◆ Task
Set each line of the material below down word for word, from the first through the line that holds "如图,以近两期数据为一组,进", but not the pictures.

╭──

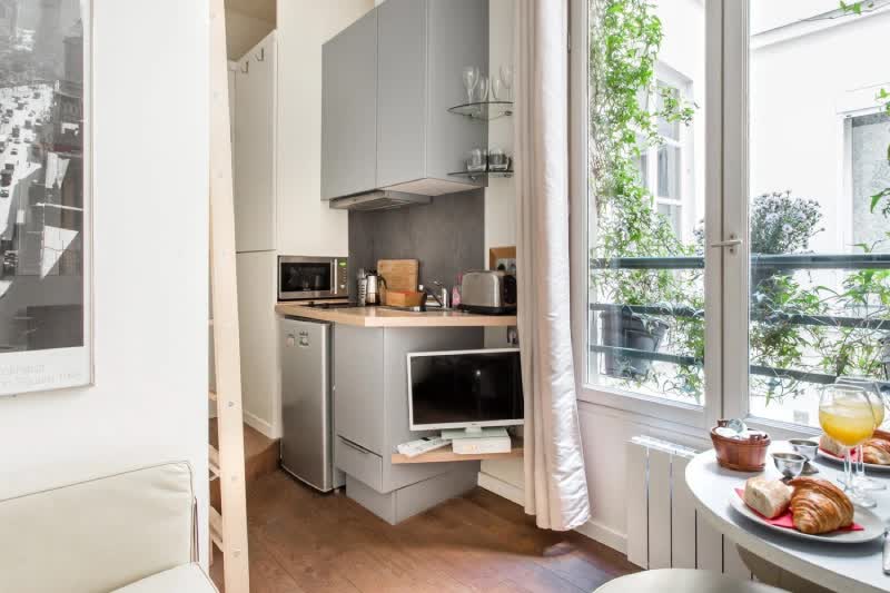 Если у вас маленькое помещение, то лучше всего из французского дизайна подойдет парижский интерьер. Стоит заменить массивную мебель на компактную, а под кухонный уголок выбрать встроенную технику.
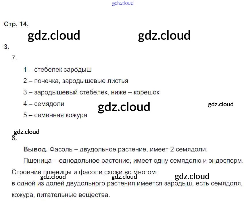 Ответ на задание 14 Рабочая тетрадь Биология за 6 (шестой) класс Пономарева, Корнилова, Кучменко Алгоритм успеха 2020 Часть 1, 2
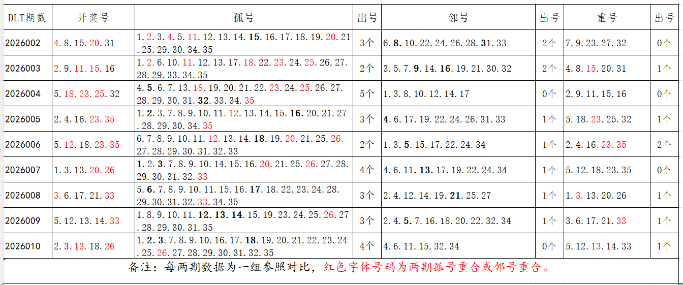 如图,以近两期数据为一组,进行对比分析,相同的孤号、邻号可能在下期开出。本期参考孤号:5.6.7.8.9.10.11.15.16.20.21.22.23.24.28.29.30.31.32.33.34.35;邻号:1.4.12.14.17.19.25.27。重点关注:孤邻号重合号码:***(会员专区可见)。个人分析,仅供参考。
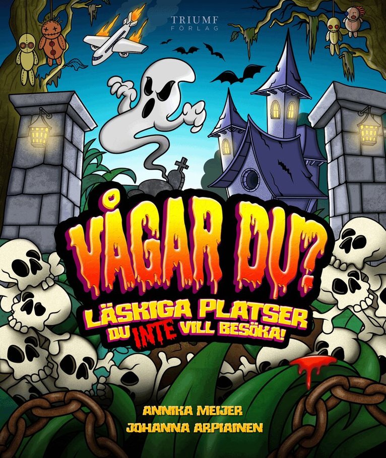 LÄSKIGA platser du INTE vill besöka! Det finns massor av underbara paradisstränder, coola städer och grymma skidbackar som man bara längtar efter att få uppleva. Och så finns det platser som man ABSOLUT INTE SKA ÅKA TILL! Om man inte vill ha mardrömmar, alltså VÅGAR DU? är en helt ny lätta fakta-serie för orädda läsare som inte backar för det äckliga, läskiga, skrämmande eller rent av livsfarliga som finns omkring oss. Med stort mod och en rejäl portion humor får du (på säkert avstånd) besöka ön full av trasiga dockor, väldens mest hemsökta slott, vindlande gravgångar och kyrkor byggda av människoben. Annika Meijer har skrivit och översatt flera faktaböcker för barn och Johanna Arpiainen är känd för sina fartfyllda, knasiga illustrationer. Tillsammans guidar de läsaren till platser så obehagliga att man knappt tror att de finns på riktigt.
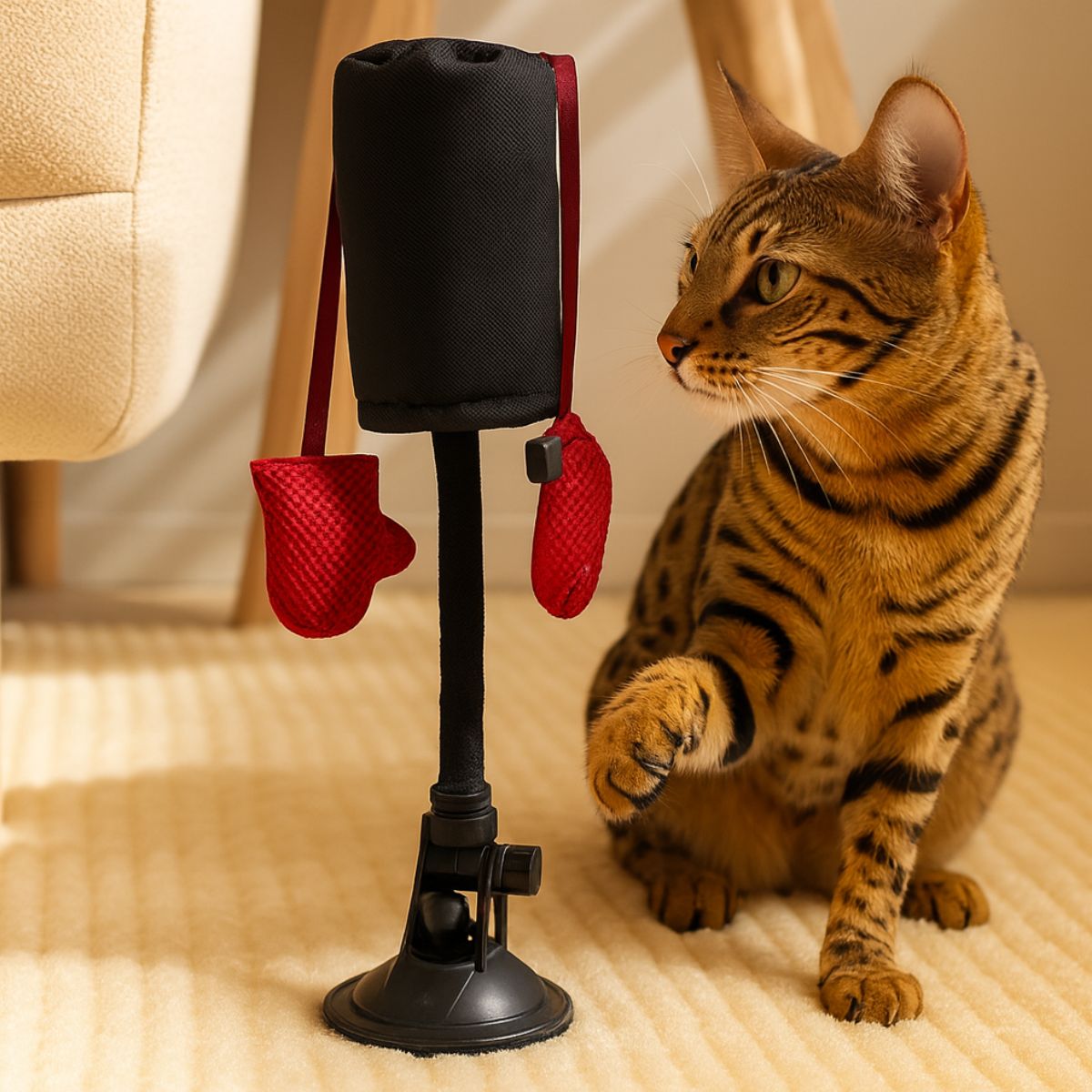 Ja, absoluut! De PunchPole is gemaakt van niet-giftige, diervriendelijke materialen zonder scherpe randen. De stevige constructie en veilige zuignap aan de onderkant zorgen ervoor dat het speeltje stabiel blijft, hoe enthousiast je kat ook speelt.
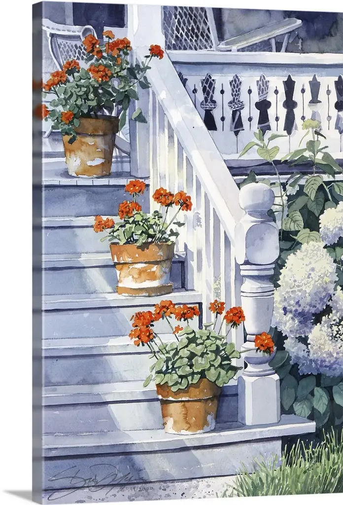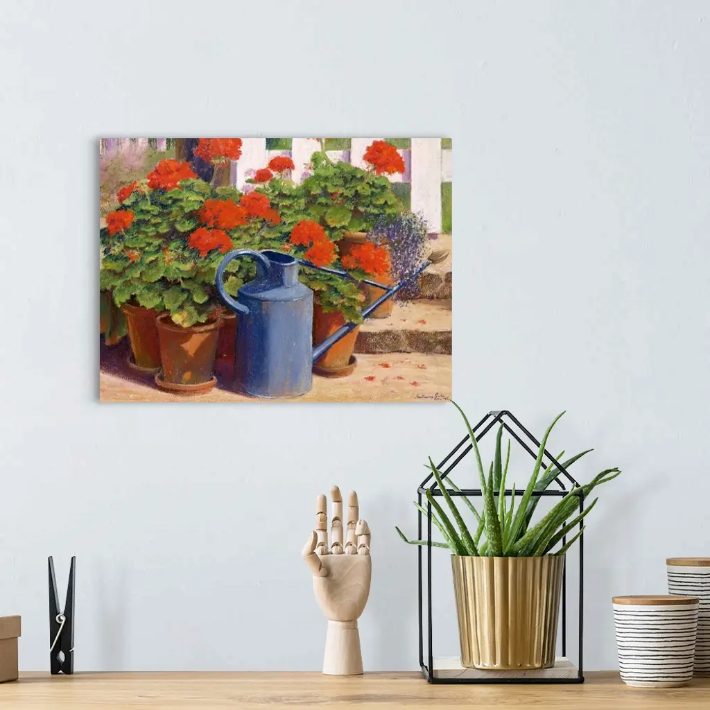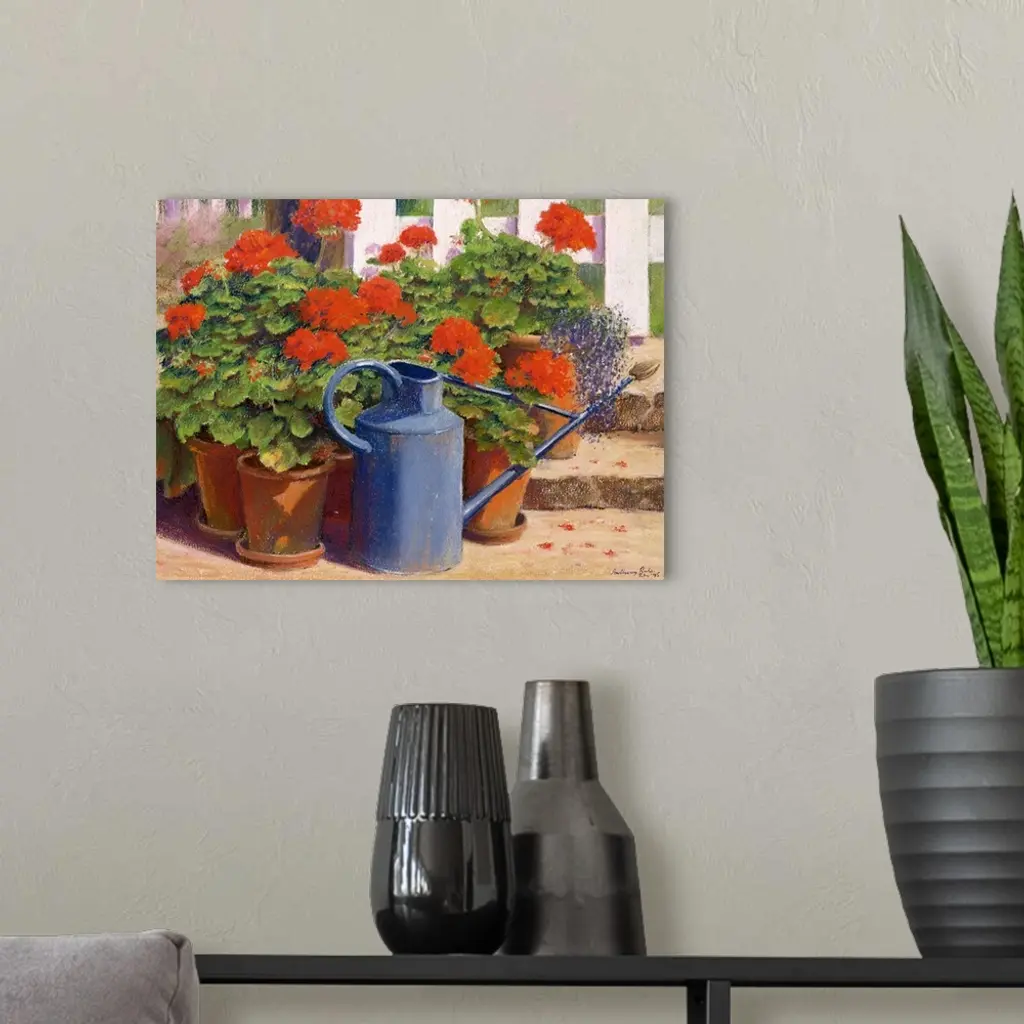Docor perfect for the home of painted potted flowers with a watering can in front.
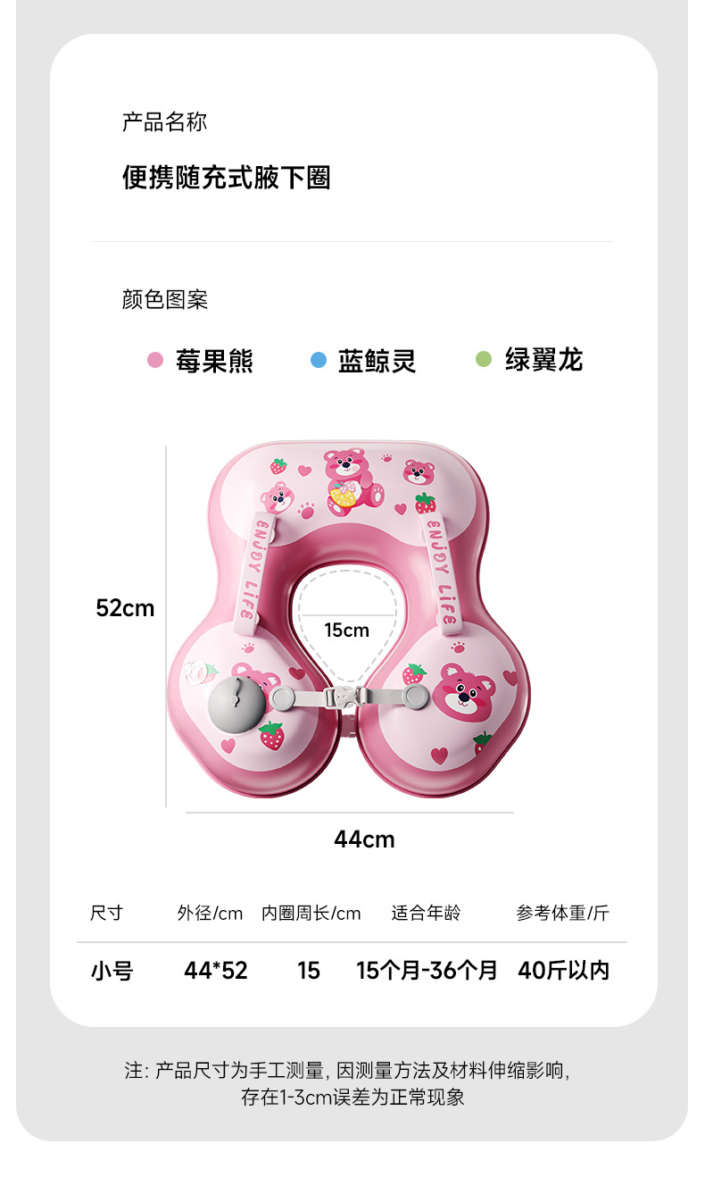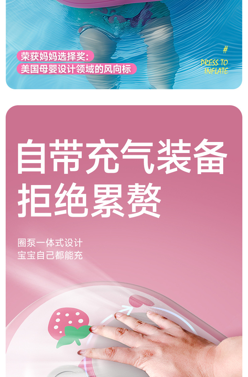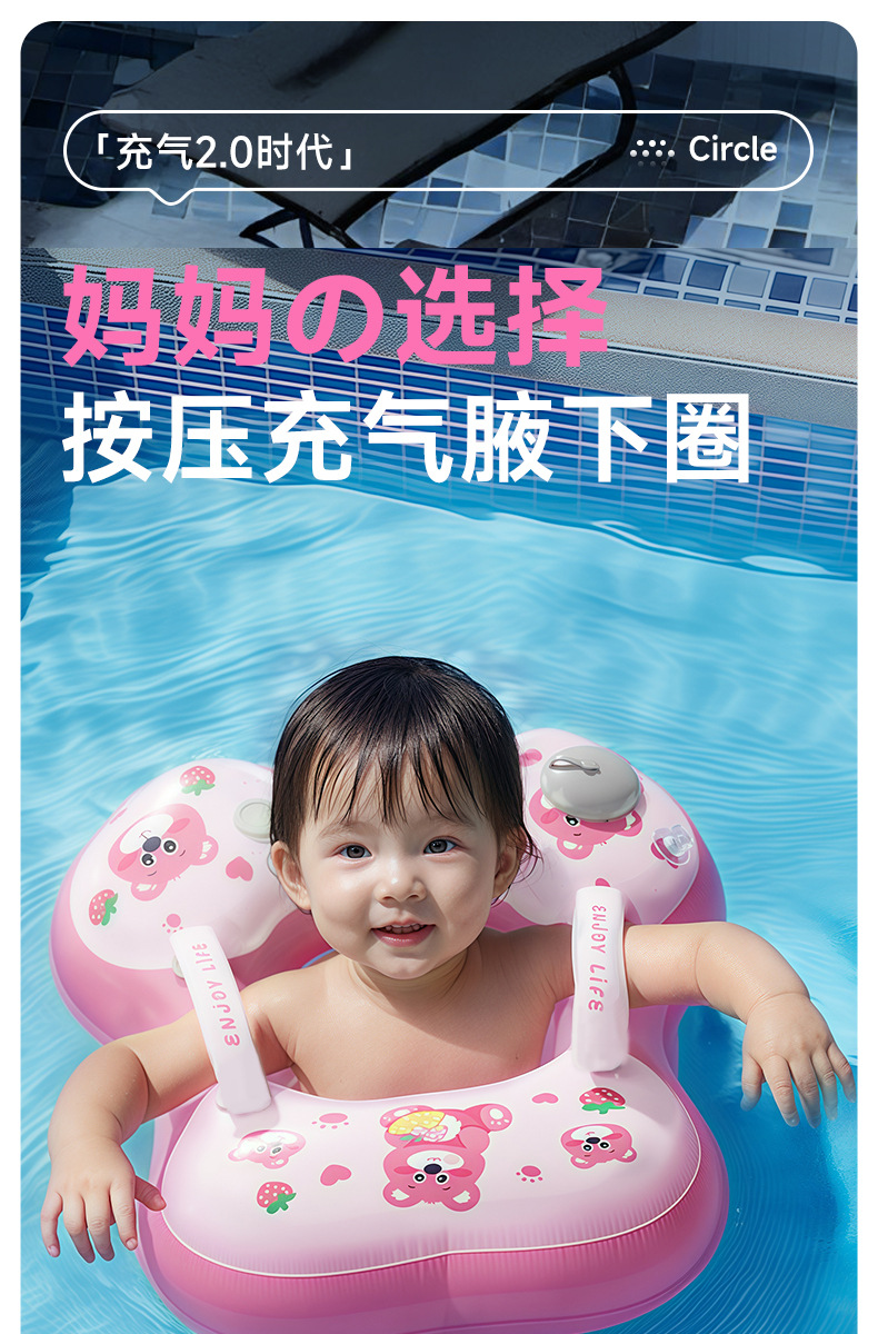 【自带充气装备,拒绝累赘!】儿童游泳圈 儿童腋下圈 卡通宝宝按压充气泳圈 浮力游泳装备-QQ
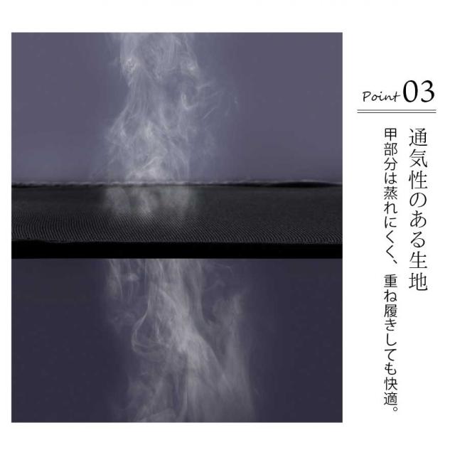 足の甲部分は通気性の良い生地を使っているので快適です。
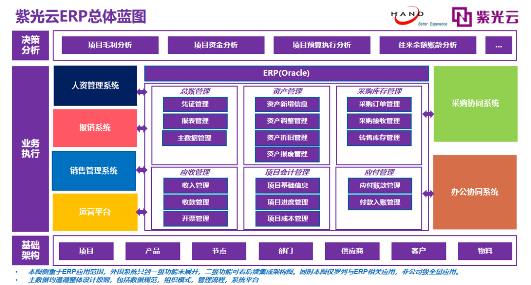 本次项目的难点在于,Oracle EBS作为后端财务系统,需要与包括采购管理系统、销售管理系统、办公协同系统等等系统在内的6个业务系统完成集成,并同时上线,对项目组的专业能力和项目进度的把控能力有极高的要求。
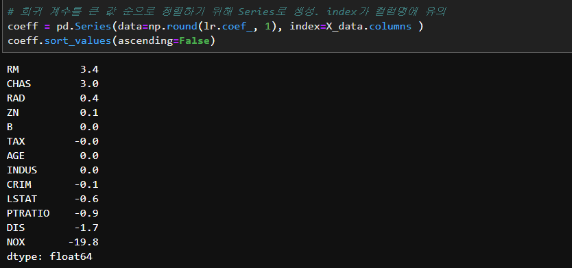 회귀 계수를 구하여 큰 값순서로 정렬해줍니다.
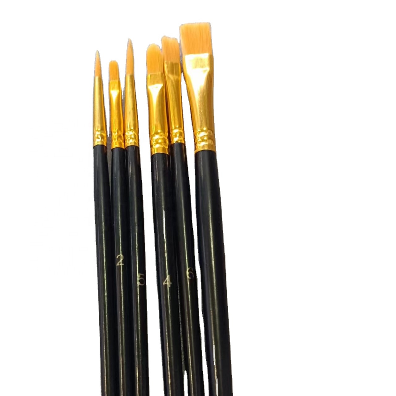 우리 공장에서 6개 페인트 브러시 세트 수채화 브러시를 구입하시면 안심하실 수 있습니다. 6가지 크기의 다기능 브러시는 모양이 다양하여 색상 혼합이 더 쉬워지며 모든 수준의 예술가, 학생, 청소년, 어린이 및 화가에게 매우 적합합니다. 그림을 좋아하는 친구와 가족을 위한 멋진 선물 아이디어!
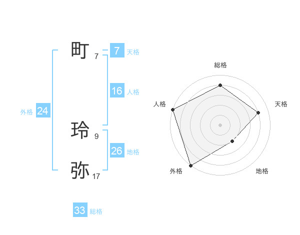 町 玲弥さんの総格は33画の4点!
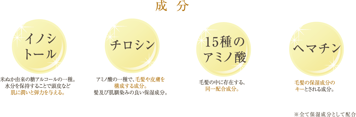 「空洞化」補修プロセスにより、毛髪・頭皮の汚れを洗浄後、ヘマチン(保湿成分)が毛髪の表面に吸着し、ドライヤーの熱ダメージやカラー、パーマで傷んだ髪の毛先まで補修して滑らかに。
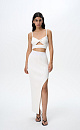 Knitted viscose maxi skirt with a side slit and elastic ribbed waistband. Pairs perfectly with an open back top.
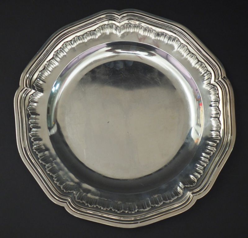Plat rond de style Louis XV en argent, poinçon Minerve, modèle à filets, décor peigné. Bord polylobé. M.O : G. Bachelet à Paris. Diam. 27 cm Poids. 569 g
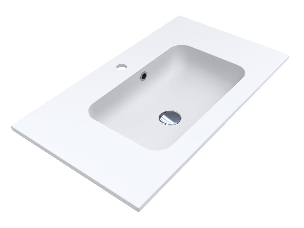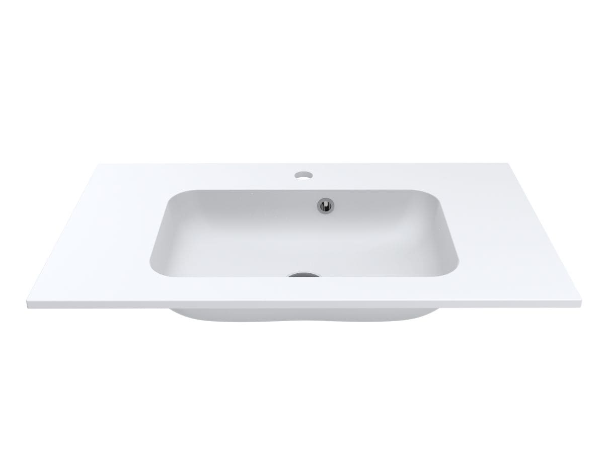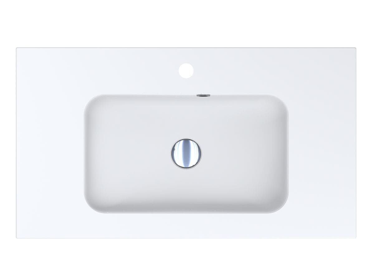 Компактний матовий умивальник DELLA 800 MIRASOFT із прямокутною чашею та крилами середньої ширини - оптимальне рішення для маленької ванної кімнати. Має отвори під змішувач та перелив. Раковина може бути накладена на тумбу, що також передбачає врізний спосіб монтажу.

╰──

◆ Answer box
 Если у вас маленькое помещение, то лучше всего из французского дизайна подойдет парижский интерьер. Стоит заменить массивную мебель на компактную, а под кухонный уголок выбрать встроенную технику.
 Ответ на задание 14 Рабочая тетрадь Биология за 6 (шестой) класс Пономарева, Корнилова, Кучменко Алгоритм успеха 2020 Часть 1, 2
 如图,以近两期数据为一组,进行对比分析,相同的孤号、邻号可能在下期开出。本期参考孤号:5.6.7.8.9.10.11.15.16.20.21.22.23.24.28.29.30.31.32.33.34.35;邻号:1.4.12.14.17.19.25.27。重点关注:孤邻号重合号码:***(会员专区可见)。个人分析,仅供参考。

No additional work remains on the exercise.